Try it: Reproduce the line with "インターホン、玄関ドアなどを" and everything after it in the listing below, exactly, both ends included. No pictures.

Input for this task:
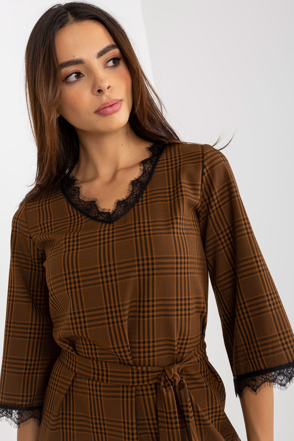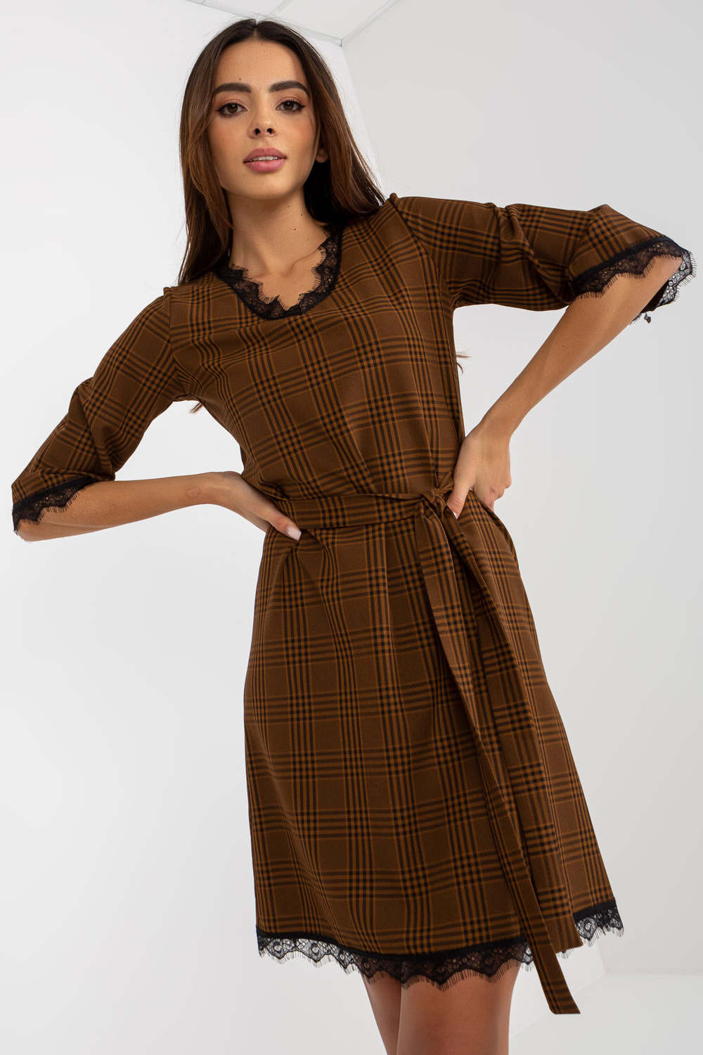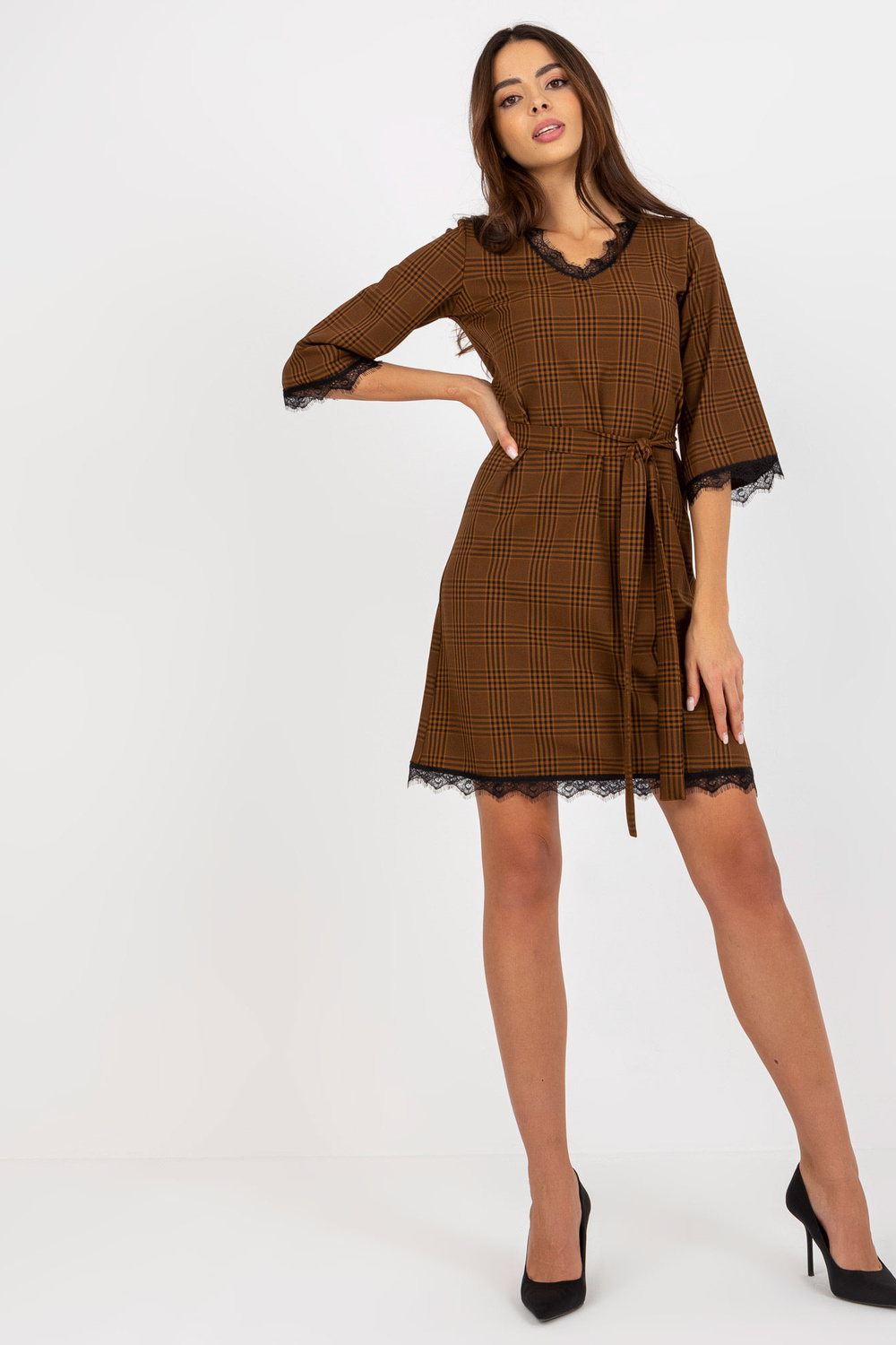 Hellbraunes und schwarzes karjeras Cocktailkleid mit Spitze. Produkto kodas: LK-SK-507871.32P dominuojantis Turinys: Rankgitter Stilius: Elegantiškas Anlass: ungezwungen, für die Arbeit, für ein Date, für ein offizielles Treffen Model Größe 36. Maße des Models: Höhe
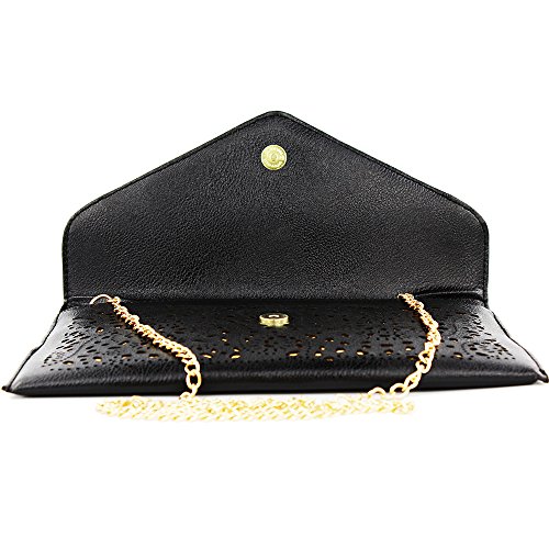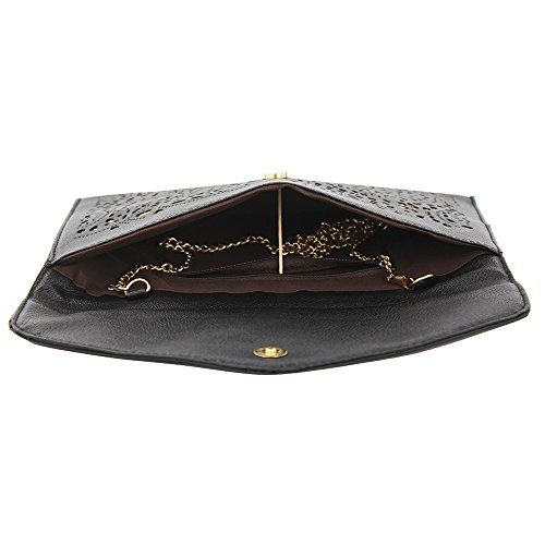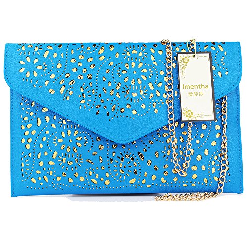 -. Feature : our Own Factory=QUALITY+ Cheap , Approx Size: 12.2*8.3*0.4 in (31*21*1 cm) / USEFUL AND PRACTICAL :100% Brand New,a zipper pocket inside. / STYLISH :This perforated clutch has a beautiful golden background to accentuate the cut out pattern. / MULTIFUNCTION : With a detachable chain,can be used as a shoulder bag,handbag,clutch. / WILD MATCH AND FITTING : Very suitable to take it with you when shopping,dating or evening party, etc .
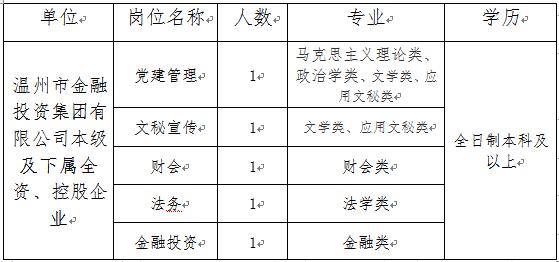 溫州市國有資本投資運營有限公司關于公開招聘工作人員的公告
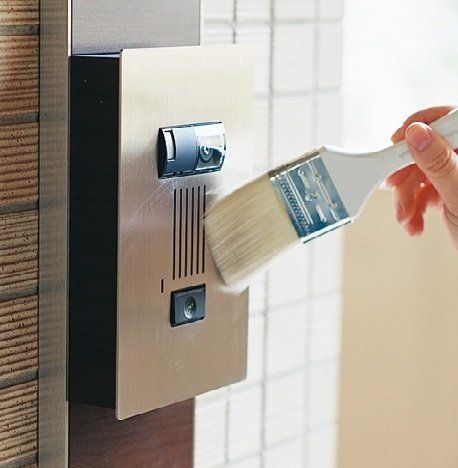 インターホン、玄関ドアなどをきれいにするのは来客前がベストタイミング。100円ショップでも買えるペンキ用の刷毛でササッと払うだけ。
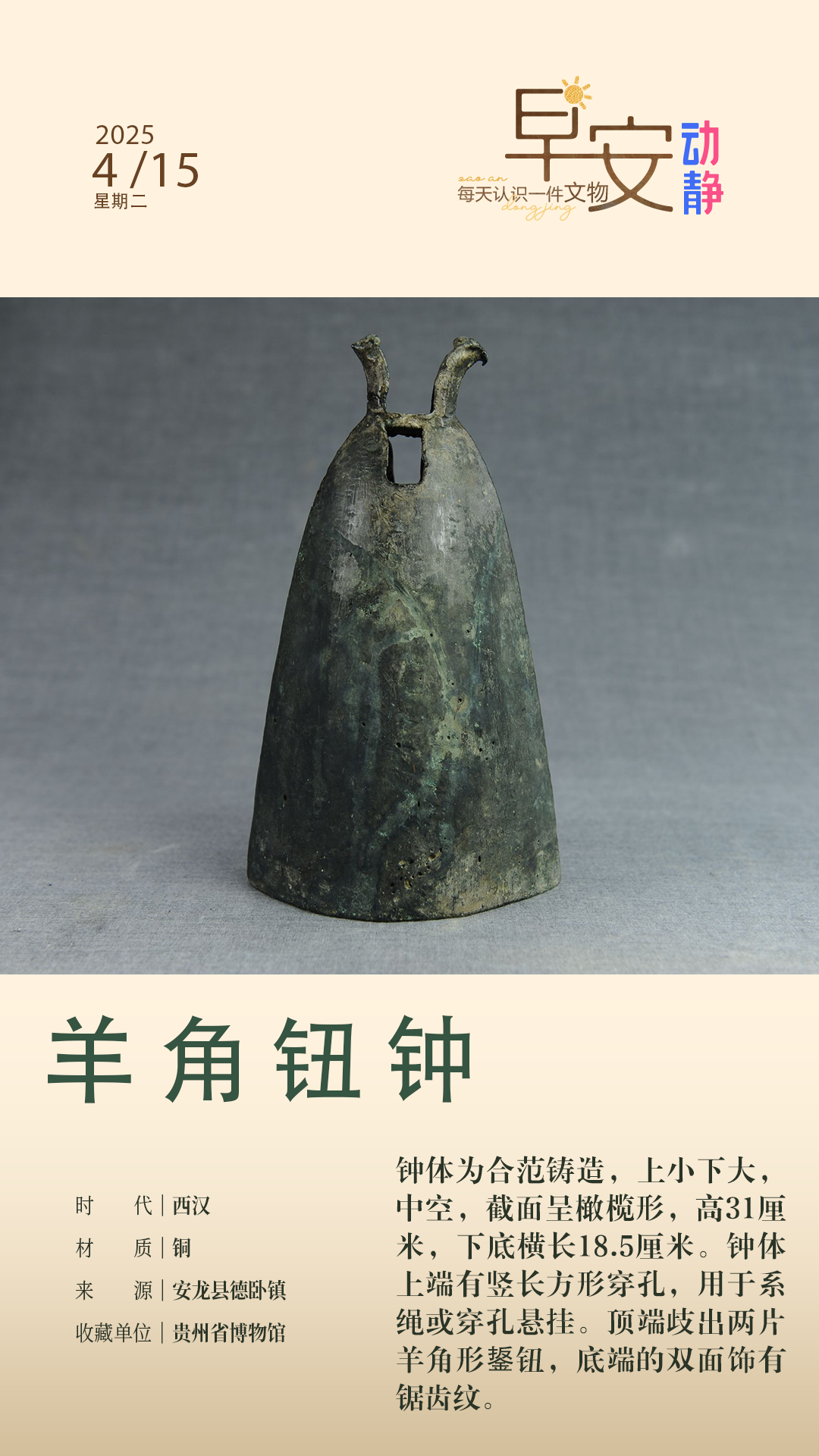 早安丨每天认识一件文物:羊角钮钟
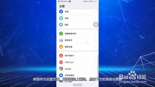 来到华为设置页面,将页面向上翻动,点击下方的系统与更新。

Exercise answer:
 インターホン、玄関ドアなどをきれいにするのは来客前がベストタイミング。100円ショップでも買えるペンキ用の刷毛でササッと払うだけ。
 早安丨每天认识一件文物:羊角钮钟
 来到华为设置页面,将页面向上翻动,点击下方的系统与更新。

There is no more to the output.